Приближались переходные экзамены. Чернышевскому и хотелось попасть поскорее в родной Саратов, и уже жаль было разлучаться с товарищами, с книгами, покидать Петербург, с которым о» успел свыкнуться. Настроение было такое, что хоть и не ехать… Однако он боялся оскорбить этим отца и мать. После долгих раздумий Чернышевский решил положиться на их волю и желание и только твердил им в письмах о больших расходах, связанных с возможностью свидеться лишь на короткое время. Родители все же настойчиво звали его на вакации в Саратов.

Экзамены прошли превосходно. Чернышевский получил полные баллы по всем предметам. Перед окончанием экзаменов он стал собираться в дорогу.

Под вечер 7 июня Чернышевский выехал в дилижансе «четвертого заведения» в Москву. Там он прожил трое суток, поджидая денег из дому, подыскивая попутчика и выправляя подорожную. Попутчиком оказался чиновник, отправлявшийся по казенной надобности в своем экипаже. Путь их лежал через Рязань и Тамбов. В двадцатых числах июня Чернышевский приехал в Саратов.

IV. Дружба и первое чувство

Второй год пребывания Чернышевского в университете во многом был сходен с первым. Но были и перемены в его быту по возвращении из Саратова: он отделился от Раева. Тот, окончив юридический факультет, получил по протекции место младшего помощника столоначальника и начал медленное, трудное восхождение по ступеням чиновничьей лестницы. Пути их расходились.

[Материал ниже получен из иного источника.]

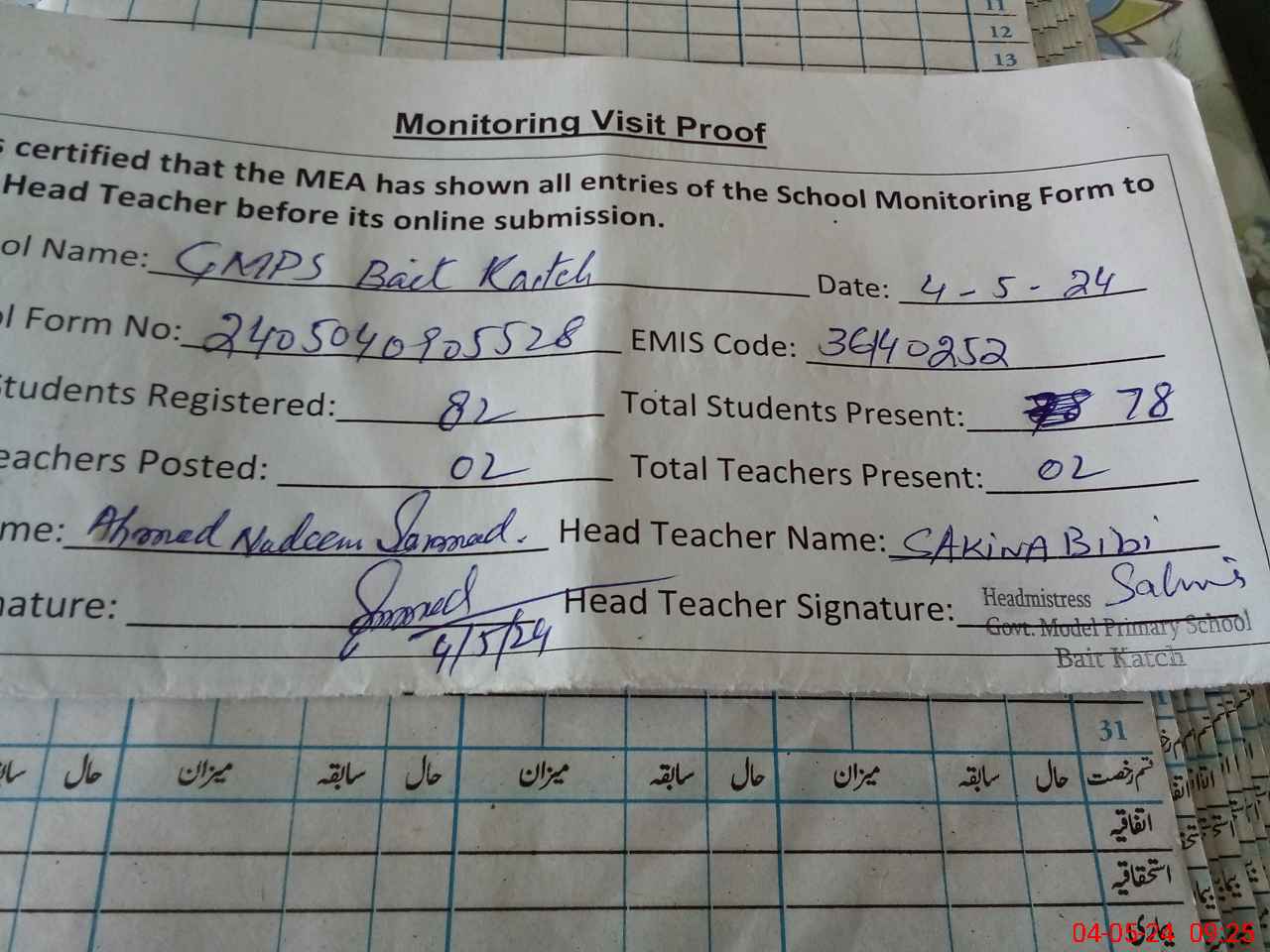 | EMIS Code: 36140252 | Name of School: GMPS BAIT KAITCH | |||

Чернышевский нашел урок, стал зарабатывать. Он уже мог теперь мечтать, что будет содержать Сашу Пыпина, когда тот поступит в Петербургский университет. Забот и дел прибавилось; урок, кропотливые занятия славянской филологией отнимали у него немало времени, но душевное состояние было гораздо спокойнее: он перестал думать о том, что обременяет родных. Денежные посылки из Саратова приходили теперь реже, и это радовало Чернышевского.

Убеждение его в том, что университет сам по себе не принесет ему большой пользы, окончательно укрепилось. Некоторые лекции он изредка посещал уже не ради самих лекций, а для того, чтобы профессора присмотрелись к нему и не придирались потом на экзаменах. Зато целыми днями просиживал над книгами в Публичной библиотеке и в Румянцевском музеуме.

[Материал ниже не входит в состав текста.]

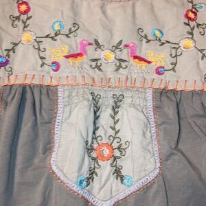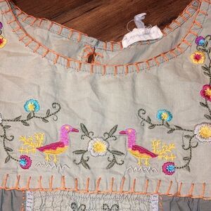 Sweet Color Size Small Duck Bird Floral Embroidered Cap Sleeve Blouse

Новых знакомств почти не завязывалось. По-прежнему Чернышевский встречался чаще всего с Михайловым и Лободовским. Это о них он писал родным: «Некоторые из моих приятелей подвизаются на литературном поприще, на котором скоро, может быть, явлюсь и я (впрочем, это будет зависеть от обстоятельств)».

Первое упоминание о литературных проектах и планах носит еще очень неопределенный характер, но таит уже намек, что известную роль играл тут пример ближайших друзей.

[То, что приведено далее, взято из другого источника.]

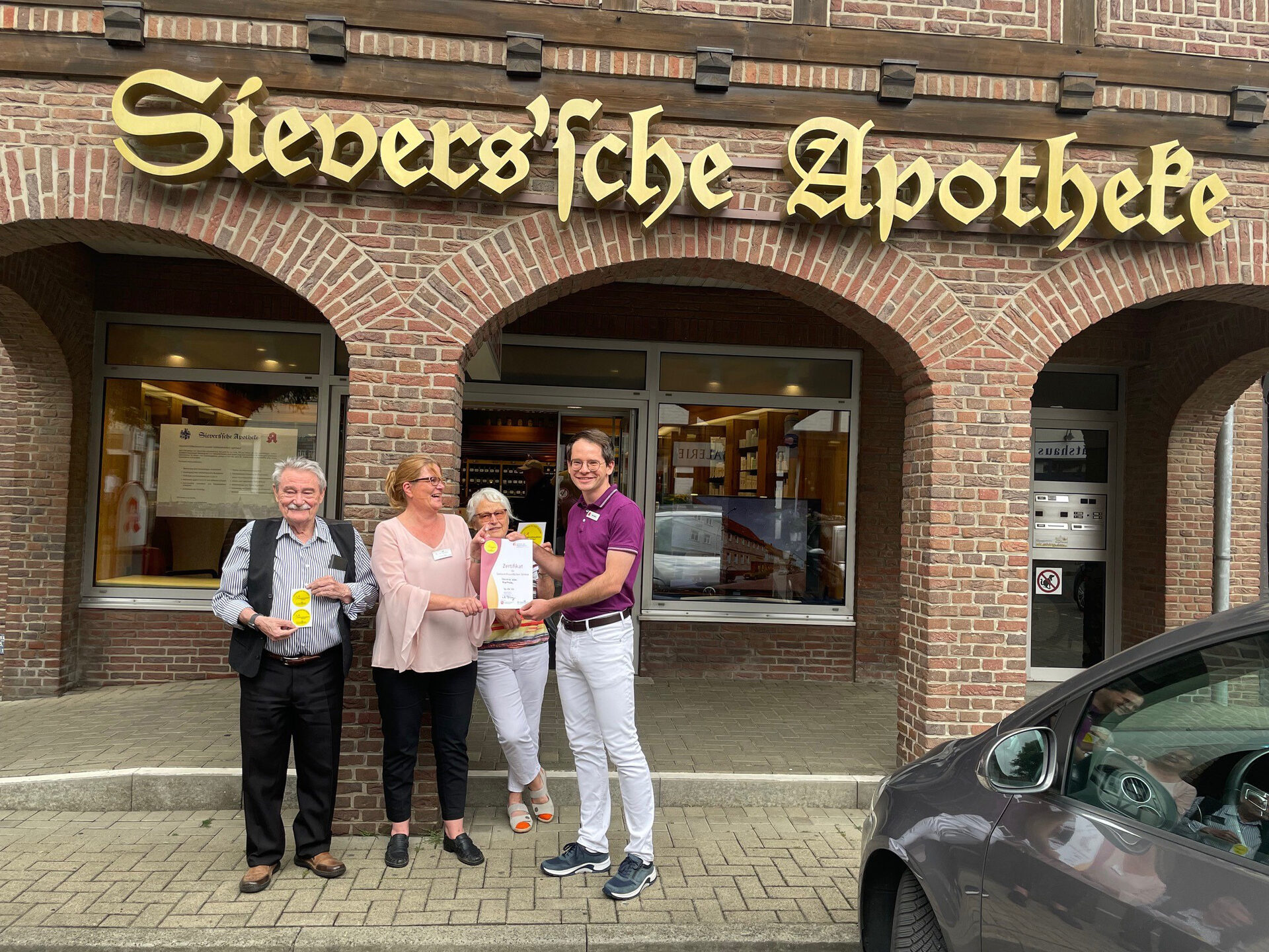 Hans Werner Eisfeld (links), Felizitas Ding und Ingrid Müller (dritte von links) überreichten das Zertifikat an Adrian Sievers , Inhaber der Sievers`sche Apotheke.

Впрочем, общение с Михайловым вскоре поневоле прервалось, так как, оставшись без средств к существованию, тот в начале 1848 года уехал в Нижний служить писцом в Соляном управлении.

Расположение же к Лободовскому крепло с каждым днем. Несмотря на свою замкнутость и скрытность, молодой Чернышевский легко увлекался людьми. Этому очень способствовала склонность его находить хорошее в каждом человеке, та доверчивость, которая свойственна бесхитростным натурам, тайная восторженность еще ни разу не обманувшейся души, юношеская жажда любви и дружбы.

В жизни юноши важен каждый час. Перед ним открываются новые миры. Он перерабатывает в себе разнородные влияния, выходя на путь самостоятельного мышления. Он особенно восприимчив, и неудивительно, что иногда какая-нибудь встреча с новым лицом может надолго предопределить дальнейшее направление его развития.

Юноша не успел накопить знаний, жизненный опыт его невелик и еще не взвешен им самим. Но он инстинктивно тянется к тому, что совпадает в чем-то главном с его наклонностями и понятиями, а они, в свою очередь, изменяются, то отступая перед новыми, то снова вдруг возникая на новой основе и в ином качестве. Его пристрастия могут быстро меняться. Он не успевает свыкнуться со своими взглядами, как жизнь заставляет его пересматривать их, иногда отрекаться и снова искать и искать, пока он не приблизится к более или менее последовательному мировоззрению. В этих колебаниях, переломах, даже в переходах от одной крайности к другой есть своя закономерность, порою, правда, трудно уловимая и не сразу понятная.

Для Чернышевского годы университетского учения, когда изменились все условия его жизни, когда он очутился в обстановке, совершенно не похожей на прежнюю, были очень важным этапом.

Чернышевский меньше, чем кто-либо другой, способен был быстро подчиняться разнородным влияниям, в нем была большая внутренняя цельность и собранность, он умел избирать себе друзей и учителей; осознав цель, он обычно уверенно и упорно шел к ней.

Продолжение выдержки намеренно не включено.